What happens: According to the latest NAB Business Survey, analyzed by CreditorWatch chief economist Ivan Colhoun, Australian business conditions fell in November from +9 the month before.
Why this is important: Overall, the research continues to tell us that business capacity is limited and that if economic growth accelerates further from its current starting point, we could soon see additional pressure on prices,” said NAB chief economist Sally Auld.
Australian businesses emerged from the mid-2025 Trump tariff shock in relatively good health, but new challenges are piling up as capacity constraints and persistent inflation threaten the economic recovery.
The November NAB Business Survey published today shows that the business environment has eased from +9 in October to +7, marking a modest pullback from what had been a steady improvement since the collapse in tariff-driven confidence earlier this year. CreditorWatch chief economist Ivan Colhoun says the decline was evident across most sectors and states, with Western Australia and Queensland seeing particularly notable declines.
“Business conditions are improving compared to six months ago, when Trump’s tariff shock hit confidence, but this month they have fallen slightly to a still healthy level of +7,” Colhoun notes in his analysis of the survey results.
The more worrying development lies beneath the headline figures. Occupancy rose to 83.6%, the highest in 18 months, while operating revenue fell 6 points to +12 and profitability fell 5 points to +4.
“Overall, the research continues to tell us that business capacity is limited and that if economic growth accelerates further from the current starting point, we could soon see additional pressure on prices,” said NAB chief economist Sally Auld.
Mining and retail are leading the decline
Sectors that could have been expected to benefit from higher commodity prices showed unexpected weakness. Mining, retail and wholesale industries all posted weaker conditions in November, casting doubt on whether strong commodity prices have actually driven Australia’s recent improved economic data.
“This softens the idea that higher commodity prices are driving the recent stronger data in Australia, although the volatility means it is too early to rule this out,” Colhoun notes.
Victoria continues to record the weakest conditions nationally, although the state has shown improvement from the lows seen in the first half of 2025. Only the wholesale sector bucked the broader trend and maintained stable conditions.
Employment indicators rose by 1 point to +4, indicating a relatively stable labor market, in line with recent job vacancy data. However, this stability comes against a backdrop of increased capacity constraints that limit companies’ ability to respond to increased demand.

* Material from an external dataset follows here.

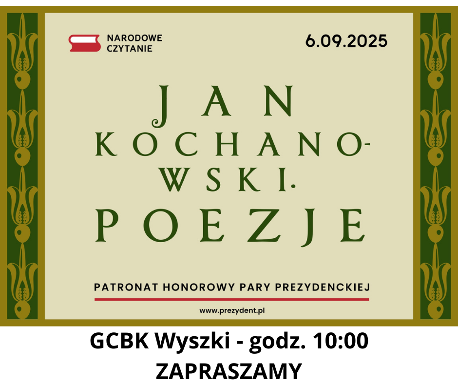 Zapraszamy w sobotę 6 września o godz.:10:00 do GCBK Wyszki na wspólne czytanie dzieł Jana Kochanowskiego.

Inflationary pressures remain uncomfortably high
The inflation indicators from the survey paint a worrying picture for the Reserve Bank of Australia. Price indicators were largely higher in November, with quarterly purchasing costs at 1.3% and retail prices at 0.8%.
“Inflationary pressures remain uncomfortably high, with companies reporting rising input costs and high capacity utilization, both of which are inconsistent with inflation returning sustainably to the RBA’s target,” Colhoun warns.
His analysis shows that input costs never fell to levels broadly in line with the RBA’s inflation target of 2 to 3%, even when the central bank cut rates three times in 2025.
“The important thing for me is that, rather than inflation accelerating again, it looks like inflation has not returned sustainably to target as the RBA eased in 2025,” Colhoun said.
Interest rate increase scenario back on the table
The consequences for monetary policy are major. Colhoun believes that rate cuts cannot be considered in the short term, while the RBA will soon have to explore scenarios where rates may have to rise sooner than expected.
“That could be possible if average inflation in the fourth quarter were 0.9% quarter-on-quarter or higher,” he explains.
This represents a significant shift in the outlook. Earlier in 2025, major banks forecast multiple rate cuts, with some predicting cash rates would fall to 3.6% by the end of the year. The RBA has made three cuts this year, taking interest rates from 4.35% to the current 3.60%, but progress has stalled as inflation proves more persistent than expected.
The central bank kept interest rates on hold at its December meeting, with new data expected at 11:30 am on Thursday, providing crucial insights into the health and inflation trajectory of the labor market.
What companies should pay attention to
For entrepreneurs, the message is clear: prepare for an extended period of tight business conditions. With capacity utilization at an 18-month high, companies have limited room to expand production without significant investment or price increases.
Those planning expansion must factor in potentially higher financing costs if the RBA changes course, while companies struggling with input cost pressures may find it increasingly difficult to maintain margins without passing costs on to customers.
The research highlights that while Australia has avoided the worst effects of global trade tensions, its domestic economy faces its own set of challenges. Capacity constraints, persistent inflation and uncertain monetary policy create a complex business planning environment as 2025 draws to a close.